Follow these rules for separating data:
- If at all possible, ensure that database instances are not accessing the same data.
- Place data that are accessed by different instances on different disks.
- If possible, store the data stored by different instances into different tables. For example, if your database runs the accounting systems for many different organizations, consider having a separate set of tables for each organization. Place each instance's tables into its own tablespace.

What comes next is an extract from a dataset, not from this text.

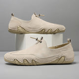 The suede outer layer keeps water out while looking sharp enough for the office. The bouncy rubber bottom grips the floor without leaving marks. Inside, the soft leather lining pulls sweat away and molds to your feet's shape.
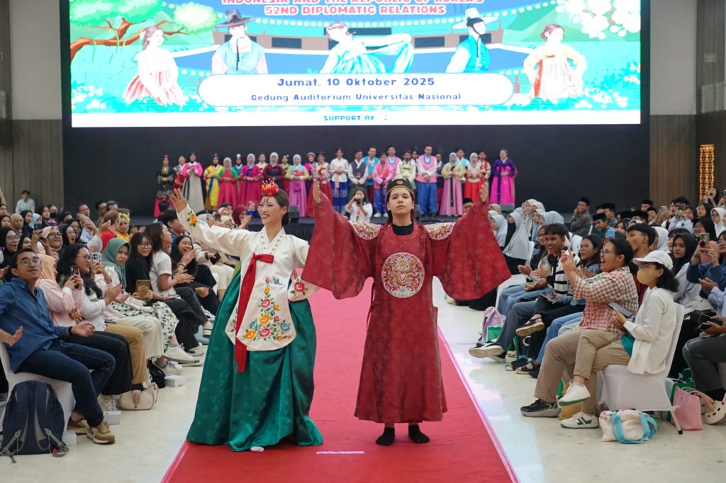 Jakarta (UNAS) – Fakultas Bahasa dan Sastra (FBS) Universitas Nasional kembali membuktikan diri sebagai motor penggerak diplomasi budaya internasional melalui penyelenggaraan “Hanbok Festival” yang bekerja sama dengan Korean Cultural Center Indonesia (KCCI) dalam rangka memperingati 52 tahun hubungan diplomatik Indonesia–Korea, Jumat (10/10), di Auditorium UNAS.

Minimizing PINGS and FALSE PINGS (sometimes known as FALSE COLLISIONS) will be the primary job of a shared instance DBA. One thing to remember is that if the application cannot be partitioned, you will not be able to eliminate PINGS. Click on the following links to view data separation rules for each object type:
One of the most significant advantages of using parallel server is that it allows you to tune the instance to suit the types of users using the node. If you have separated your OLTP users from the batch users, the batch instance will have a larger value for the DB_BLOCK_BUFFERS, SORT_AREA_SIZE, and LOG_BUFFER INIT.ORA parameters. The OLTP instance, will most likely have a large SHARED_POOL_SIZE, can use Multithreaded Servers etc. The OLTP machine will probably be more powerful and have more processors. The batch machine is likely to make more use of parallel query, so you will have to set PARALLEL_MIN_SERVERS and the other parallel query parameters for this instance.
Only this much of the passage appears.